In 2016, Sahara Reporters reported that Buratai failed to declare two luxury properties he owned in Dubai, thereby contravening the Code of Conduct Act.

But the Nigerian army leapt to Buratai’s defence, explaining that the said properties were not his possessions but his family’s.

Sani Usman, then Army Spokesman, explained that the properties were purchased in 2013, long before Buratai became COAS, and were paid for using “personal savings”. He added that the properties were duly declared in accordance with the law.

“It is a fact that the Buratai family have two properties in Dubai that were paid for instalmentally through personal savings three years ago,” Usman stated.

“This, along with other personal assets have consistently been declared by General Buratai in his Assets Declaration Form as Commander Multinational Joint Task Force Commander and as Chief of Army Staff.
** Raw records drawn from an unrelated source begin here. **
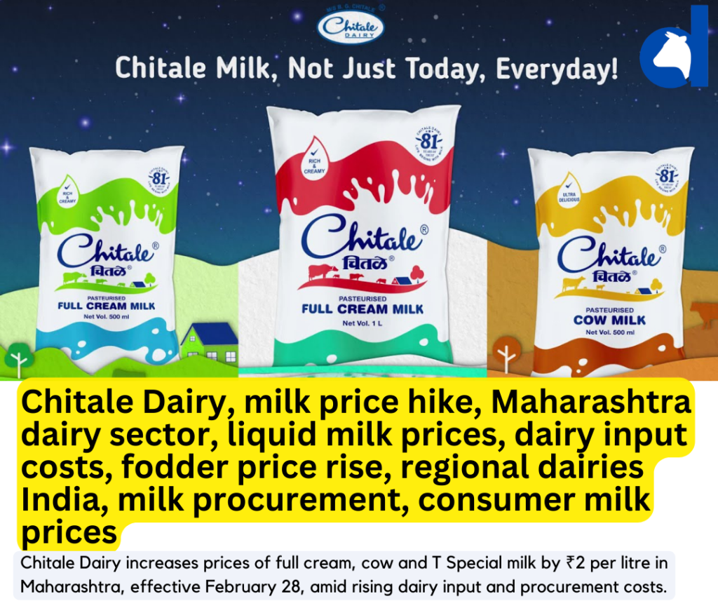 Chitale Dairy has announced a ₹2 per litre increase in the retail prices of select milk variants, effective February 28, 2026, citing rising operational and procurement costs. In an official communication issued by M/s B. G. Chitale, the company informed its milk distributors in Pune and surrounding areas that the revised prices apply to pasteurised […]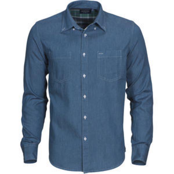 Denim look men's shirt. Button down collar, djustable sleeve cuffs. Chest pocket on both sides. -Fabric: 100% cotton. Denim look, 135 g/m2. -Gender: Men -Weight: 135g/m2
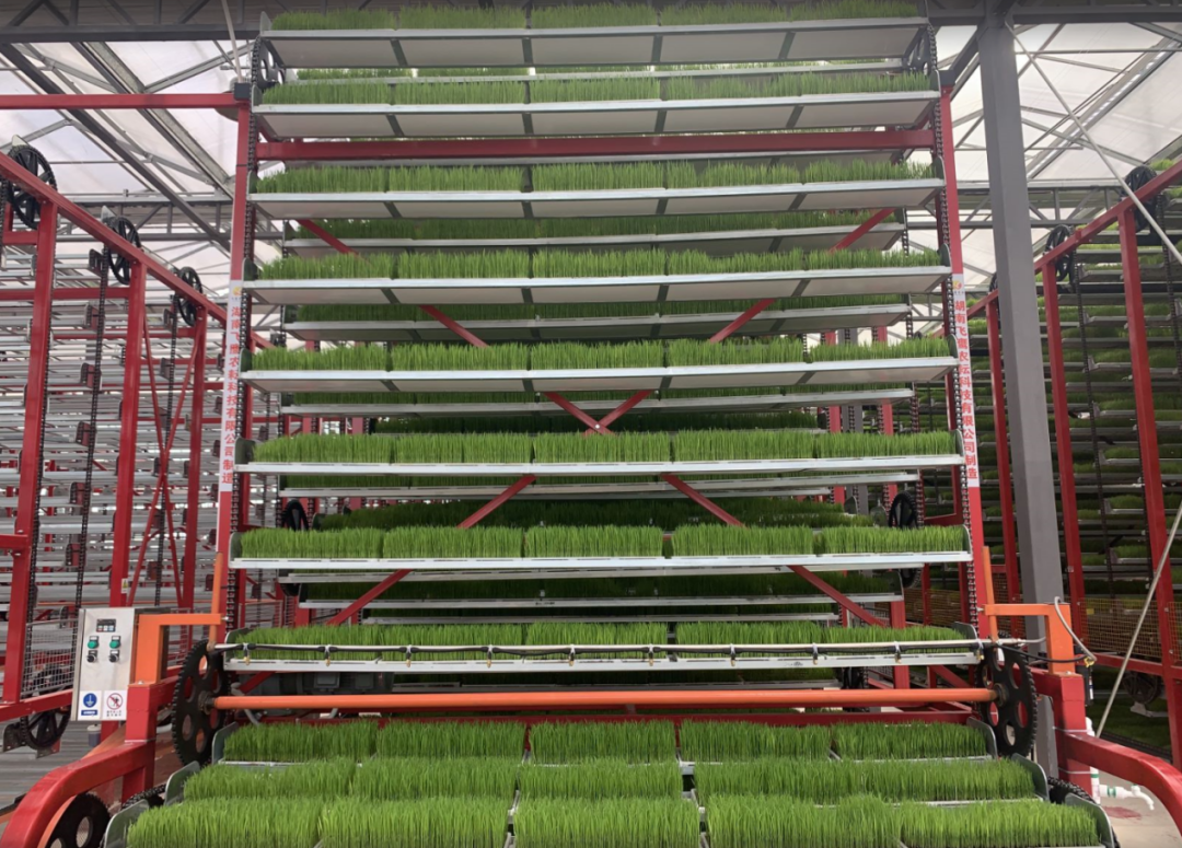 在智能化育秧生產(chǎn)車間,16臺(tái)嶄新的大型智能化育秧機(jī)正在開足馬力,抓緊時(shí)間培育今年首批常規(guī)稻秧苗,層層疊疊的育秧盤內(nèi),綠油油的秧苗正茁壯成長(zhǎng)。隨著齒輪轉(zhuǎn)動(dòng),育秧盤隨著自動(dòng)滑軌上下循環(huán),育秧床上裝有光照傳感器、二氧化碳傳感器等設(shè)備,可實(shí)現(xiàn)調(diào)溫、調(diào)濕、補(bǔ)水、增光完全自動(dòng)化、智能化,一次性可育苗600多畝。這種培育方式,不僅能節(jié)約土地、種子、肥料和人工成本,還可縮短育秧周期,保證預(yù)期移栽時(shí)間,為后期機(jī)械化插秧和田間管理奠定堅(jiān)實(shí)基礎(chǔ),跑出水稻提質(zhì)增產(chǎn)“加速度”。

“In a bid to rubbish the hard earned reputation and good name of the Chief of Army Staff, these blackmailers will stop at nothing hence all these kinds of mudslinging.”

Earlier, during HARDtalk, a BBC programme, Buratai had insisted that the said properties belonged not just to him but was part of a family investment.

“Substantial property is just an investment, my family do their own private business they should afford to have such property in Dubai,” Buratai was reported as saying.

“The type of property you are talking about is not the ones people are talking about. The property I invested was far back as 2013 before I became the chief of army staff, I never dreamt of becoming the chief of army staff and people are accusing me as if it is today.”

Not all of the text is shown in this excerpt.